Getting someone to write a program for me?

brossa · March 24, 2009, 8:56pm

In order to serve that most noble of causes, namely winning an Internet bet, I need to find a way to solve a particular problem by either using an existing program or having someone write some code for me. The first approach is preferable, since I have no idea as to how to do the second.

Here is the problem: I want to create a database of all possible means of n cards drawn without replacement from a hat of m cards numbered x1,x2,x3,x4…etc. So drawing 4 cards from a hat of 200 gives 200x199x198x197 = 1,552,438,800 possible combinations, each with its own mean. I wish then to compare this database to a given number and determine exactly how many of the means are greater or less than that given number.

Can anyone point me in the right direction - such as a way to do this with Excel or something, or how to find someone to write me a program? I have a Statistics101 program with which I can check p means of n cards against a given number, but the p means are drawn randomly rather than systematically. For large n and m, I’d expect to have to let the thing run on a laptop for a looong time, but that’s not a dealbreaker.

iamthewalrus_3 · March 24, 2009, 10:24pm

It sounds like the problem isn’t that hard of one to solve in any reasonable programming language.

So, you’ve got a set of m cards with some numbers on them x[sub]i[/sub], and you want to consider all sets of n of them. By “mean”, do you mean arithmetic mean? as in: the average?

So, then you’ve got a whole bunch of averages, and you want to know how many of them are larger than some number p?

Do you need to know exactly? If not, then the easiest solution is to just do some random samples and see what fraction are larger than p. You can make this as accurate as you want by increasing the size of the test run.

Chronos · March 24, 2009, 11:01pm

In principle, this isn’t a hard problem, but the devil is in the details. If you literally want to do all 1.5 billion cases (as opposed to the Monte Carlo sampling (:3= suggests), you’re going to have to use a ton of memory, and most programming environments will make you jump through a bunch of hoops to use that much memory.

If there’s only one given number that you want to compare to (or a small number of them), then you could get away with not actually storing the database, but just looking at one draw at a time, and keeping running totals.
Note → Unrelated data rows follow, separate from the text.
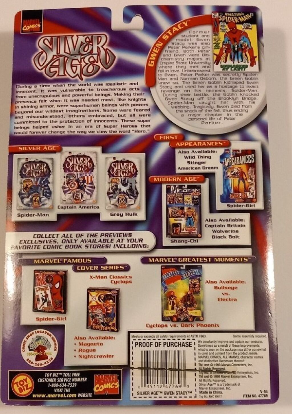Spider-Man Silver Age vintage actiefiguur Gwen Stacy. Deze Previews Exclusive action figure van 13 cm is gemaakt door Toy Biz in 1999. Nieuw in verpakking. Verzendmethode binnen Nederland is pakketpost.
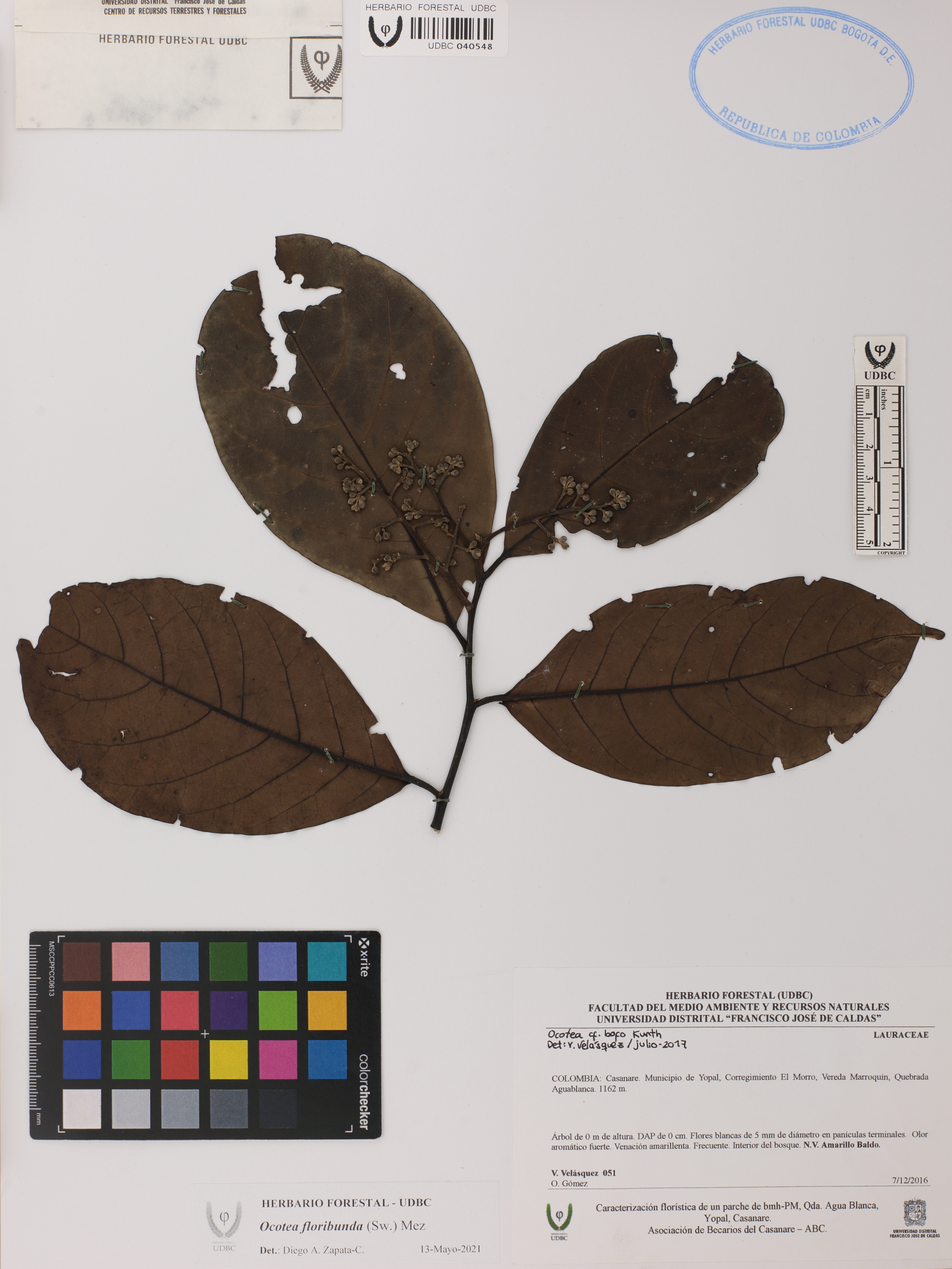 | dc.description | Fotografía del ejemplar Velásquez, V. 51, determinado como Ocotea floribunda en el año 2021 | |
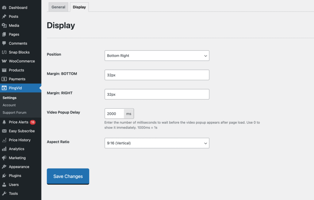 This section lets you control where and how the floating video widget appears on the screen. Adjust position, margins, timing, and aspect ratio to best fit your site’s layout.
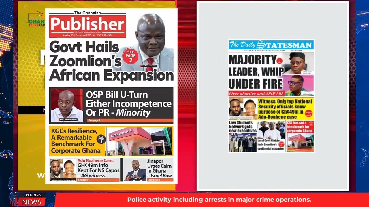 NewsGhana Newspaper Ghana Newspaper Headlines: December 15, 2025; Majority Leader Trapped! 15th December 2025 0 6 Share Facebook Twitter WhatsApp Linkedin Pinterest Telegram Viber I’ll ban $4.5bn food imports – Ken Agyapong ECOWAS names president Mahama as AU chairperson GRA chases defaulting taxpayers and MORE…

runcible_spoon · March 24, 2009, 11:41pm

Well, skipping over the limits that **Chronos **mentions, which are going to be an issue no matter how you do it if you really want to use a 200-card deck, you could go through Excel to Visual Basic for Applications. I started poking around with it, and it shouldn’t be too complicated. If no one has a better option, I’ll finish it tomorrow.

If you’re curious about the process, I started out with a macro to create a database for small sets of cards (like, 3 cards from a 6-card deck) and once I’m sure that’s working properly, I’ll probably drop the write portion, and just start counting how many of the means are sufficiently large. Of course, you could also probably just write an algebraic function to determine the answer, but I’m unfamiliar enough with statistics that I like being able to check my answers (at least, the early ones).

zut · March 25, 2009, 12:11am

Do you have to actually run all cases, or can you just calculate results? In your example, the averages are discrete values from 2.5 (10/4) up to 198.5 (794/4). There’s only one combination that results in 2.5 (1 + 2 + 3 + 4)/4, one that results in 2.75, two that result in 3, three that result in 3.25, etc. Seems to me there should be some standard permutation/combination calucualtion you could use to step through all possible discrete values.

brossa · March 25, 2009, 12:38am

Thanks very much for the quick responses.

Yes, I want to exhaustively pick n cards and calculate the arithmetic mean of their values. I’ll need to be able to specify what the card values are, since they won’t necessarily follow a nice pattern: 0, 1, 3, 3.45, 6.7, 9, 57, etcetera. I will be comparing the means to only one or two ‘experimental’ numbers. So far I can’t see a reason to actually keep track of the individual means, as long as an exact running tally is kept of whether each mean is greater than the ‘experimental’ number, and it can be shown that every possible combination of n cards has been tested.

(:3= and Chronos have struck right to the heart of the matter: the issue is one of comparing Monte Carlo approximations (for a variable number of samplings) to an exact answer. I’ve already got a way to run Monte Carlo but to settle the issue I need to show what the brute-force result is. For the purposes of this bet, just running Monte Carlo with a number of samplings that is, say, 100 times the number of possible combinations of n cards from m is insufficient.

Sunspace · March 25, 2009, 12:54am

If you have money, I know a guy who wants programming jobs…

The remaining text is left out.